Ilya Maximets i.maximets at ovn.org
Mon Jul 12 22:40:37 UTC 2021


On 6/25/21 3:34 PM, Dumitru Ceara wrote:
> On 6/12/21 4:00 AM, Ilya Maximets wrote:
>> New database service model 'relay' that is needed to scale out
>> read-mostly database access, e.g. ovn-controller connections to
>> OVN_Southbound.
>>
>> In this service model ovsdb-server connects to existing OVSDB
>> server and maintains in-memory copy of the database.  It serves
>> read-only transactions and monitor requests by its own, but
>> forwards write transactions to the relay source.
>>
>> Key differences from the active-backup replication:
>> - support for "write" transactions (next commit).
>> - no on-disk storage. (probably, faster operation)
>> - support for multiple remotes (connect to the clustered db).
>> - doesn't try to keep connection as long as possible, but
>>   faster reconnects to other remotes to avoid missing updates.
>> - No need to know the complete database schema beforehand,
>>   only the schema name.
>> - can be used along with other standalone and clustered databases
>>   by the same ovsdb-server process. (doesn't turn the whole
>>   jsonrpc server to read-only mode)
>> - supports modern version of monitors (monitor_cond_since),
>>   because based on ovsdb-cs.
>> - could be chained, i.e. multiple relays could be connected
>>   one to another in a row or in a tree-like form.

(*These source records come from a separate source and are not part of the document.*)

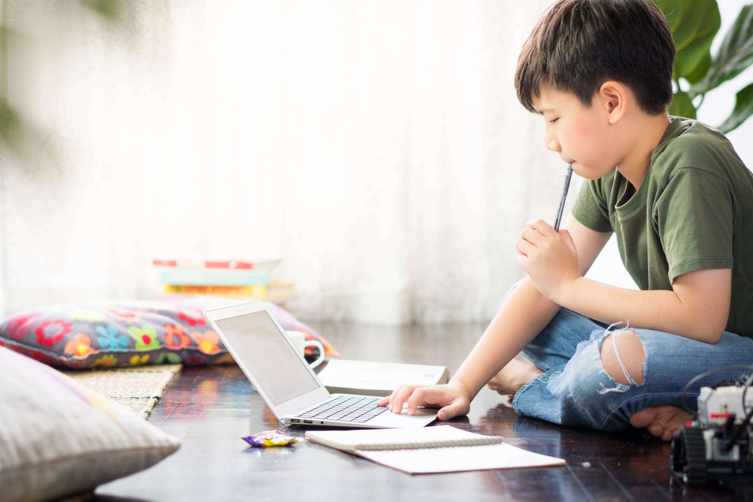 Smart looking Asian preteen boy sit crossed legs, holding pen ag
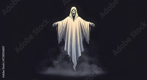 Spooky Ghost Figure Illustration in Darkness
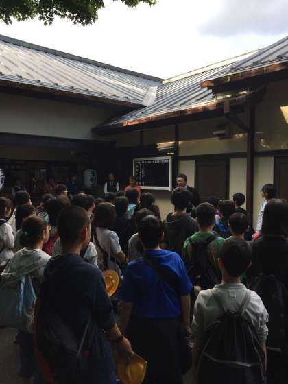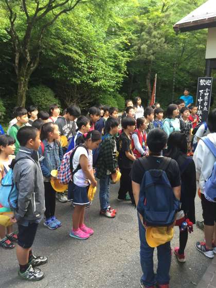 いよいよ旅館に到着し、旅館到着の会をしている様子です。歩いているときは「疲れた・・・」と言っていた子どもたちも、旅館を前にまた楽しい時間が待っているのでは?という期待を膨らませている様子が見られます。旅館の方にもきちんと挨拶をし、楽しい一夜を過ごしたいと思います。
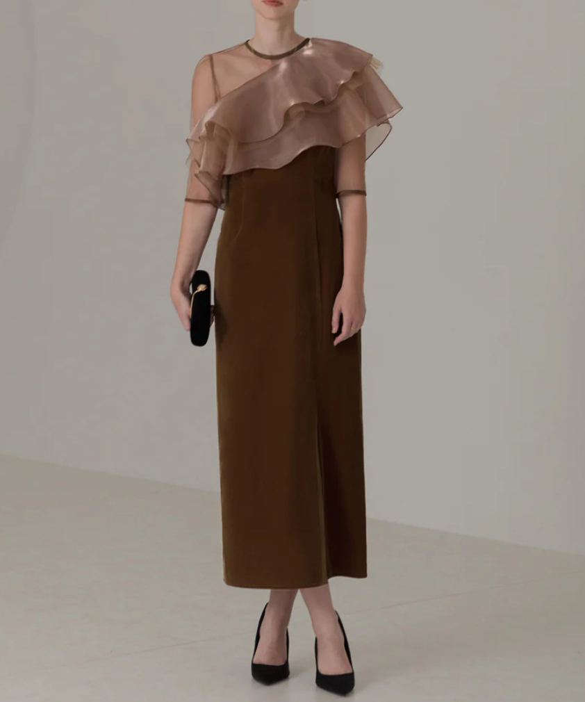 光沢感のあるオーガンジーとチュール素材のティアードフリルがエレガントさを引き立て、インナートップスなしで着るとワンショルダーの上品な肌見せが楽しめます。

>> - doesn't increase availability.
>> - cannot be converted to other service models or become a main
>>   active server.
>>
>> Signed-off-by: Ilya Maximets <i.maximets at ovn.org>
>> ---
> 
> I have some very nitpicky comments below (and an unrelated bug report),
> nevertheless:
> 
> Acked-by: Dumitru Ceara <dceara at redhat.com>
> 
>>  ovsdb/_server.ovsschema |   7 +-
>>  ovsdb/_server.xml       |  16 +-
>>  ovsdb/automake.mk       |   2 +
>>  ovsdb/execution.c       |   5 +
>>  ovsdb/ovsdb-server.c    |  97 ++++++++----
>>  ovsdb/ovsdb.c           |   2 +
>>  ovsdb/ovsdb.h           |   3 +
>>  ovsdb/relay.c           | 339 ++++++++++++++++++++++++++++++++++++++++
>>  ovsdb/relay.h           |  34 ++++
>>  9 files changed, 464 insertions(+), 41 deletions(-)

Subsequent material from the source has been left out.